SAHEL CAPITAL AND CCA ANNOUNCE INVESTMENT IN CREST AGRO PRODUCTS

Sahel Capital, fund managers for the Fund for Agricultural Finance in Nigeria (“FAFIN”) and CardinalStone Capital Advisers (“CCA”), a Nigerian Private Equity Fund Manager, are pleased to announce that definitive agreements have been executed for an investment in Crest Agro Products Limited (“Crest Agro”), an integrated cassava processor based in Kogi State.
Founded in 2013, Crest Agro was set up to harness opportunities in the cassava starch sub-sector. The Company’s vision is to become the leading producer of food grade cassava starch for industrial users in Nigeria and the broader West Africa sub-region.
The business is led by an experienced management team with deep sector expertise and a passion for the transformative power of agriculture in Nigeria.
With 13,000 hectares of land for farming and an outgrower scheme that has reached over 400 smallholder farmers, Crest Agro has developed a robust farming operation which is well positioned to meet the raw material needs for its starch processing facility.
With this transaction, Sahel Capital will be partnering with CCA, the promoters of Crest Agro, who have also decided to participate in this round of funding.
Commenting on the investment, Mr.

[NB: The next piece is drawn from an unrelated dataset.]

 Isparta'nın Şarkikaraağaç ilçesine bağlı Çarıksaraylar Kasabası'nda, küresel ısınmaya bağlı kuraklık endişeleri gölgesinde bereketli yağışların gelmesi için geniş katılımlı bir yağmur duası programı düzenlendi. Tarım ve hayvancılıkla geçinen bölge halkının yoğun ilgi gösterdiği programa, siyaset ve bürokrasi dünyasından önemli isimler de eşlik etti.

Mezuo Nwuneli, Managing Partner at Sahel Capital, said, “The investment in the cassava sector speaks directly to two pillars of FAFIN’s investment strategy: import substitution and smallholder farmer impact, and after a thorough analysis of the opportunities in the sector, we decided to invest in Crest Agro. Crest Agro has consciously set out to address the structural challenges limiting players in the sector, and we were particularly happy with the quality of the team and the level of execution ability that they bring to the table.
We are also excited to be partnering with CCA, who are top notch investors, and look forward to the transformative impact that we will achieve with the investment in Crest Agro”.

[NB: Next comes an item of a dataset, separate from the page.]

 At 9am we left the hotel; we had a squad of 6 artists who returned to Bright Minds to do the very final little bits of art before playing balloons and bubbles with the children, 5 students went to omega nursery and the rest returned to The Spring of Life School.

Also commenting on the investment, Mr. Yomi Jemibewon, Managing Director at CCA said, “We believe that Crest Agro is on its way to successfully capturing the industrialization opportunity presented by Nigeria’s cassava value chain, and will play an important import substitution role for the economy.
This is in line with a pivotal aspect of our strategy at CCA, of making transformational investments in Nigerian SMEs. At every step throughout our journey with Crest Agro, we have made concerted efforts to seek out and attract partners who will help ensure that the Company delivers on its vision of pioneering the industrialization of cassava in Nigeria.

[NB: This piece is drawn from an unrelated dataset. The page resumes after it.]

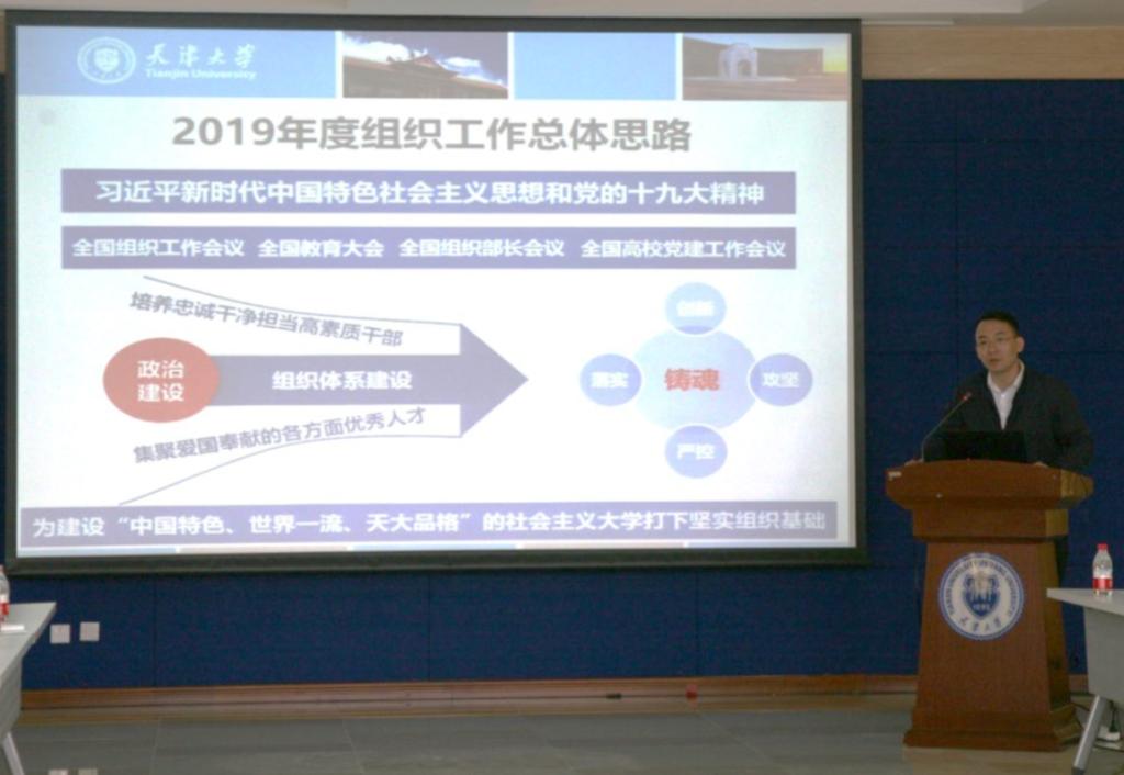 会上,组织部副部长赵成志围绕“铸魂、落实、攻坚、创新、严控”等五个方面作2019年组织部工作要点汇报。2019年,组织部将以贯彻“四个会议”、落实四个文件为抓手,进一步构建完善干部考核评价体系、基层党建体系和大培训体系;将结合各项主题活动,着力提升基层党建质量、大力选拔培养年轻干部;将建立“校院协同”机制,不断推进干部队伍建设规划,打造“同心圆”体系,发挥党组织政治功能,全面提升组织力;还将加强顶层设计,规范组织设置与管理,强化干部日常监督管理,为建设“中国特色、世界一流、天大品格”的社会主义大学打下坚实的组织基础。

To this end, we are extremely excited to be joined on this journey by Sahel Capital — an investor with deep local roots and a strong understanding of the sector, who will also be bringing considerable operational expertise to the business.”
There is strong demand for starch in the FMCG, brewing and pharmaceutical sectors, and as the Nigerian middle class grows and more companies look to enhance their ability to source raw materials locally, this demand-supply gap is expected to grow substantially.
Crest Agro is located in the number one cassava growing region in Nigeria (North Central) and with its starch processing plant coming on stream by the end of the year, the company is uniquely positioned to grow significantly and become a market leader within the next few years.
FAFIN and CCA’s investment in Crest Agro will be geared towards facilitating the setup of the company’s starch processing facility, as well as helping to expand farming activities.
Speaking on the investment, Mr. Dele Ogunlade, CEO of Crest Agro Products said, “I am truly excited by the challenge of building Crest Agro into Nigeria’s leading producer of cassava starch. My team has been laying the groundwork over the last few years, and the funding and strategic partnership from Sahel Capital and CCA will provide the support we need to achieve this vision.”
With this round of investment in Crest Agro Products, the Company’s Board of Directors will be reconstituted to include one independent director, who will be the Chairman of the Board, bringing years of corporate experience and industry expertise to the company. Mr. Mezuo Nwuneli and Mr. Olaniyi Oladejo from Sahel Capital as well as Mr. Femi Ogunjimi and Mr. Yomi Jemibewon from CCA will also be joining the Board of Crest Agro Products.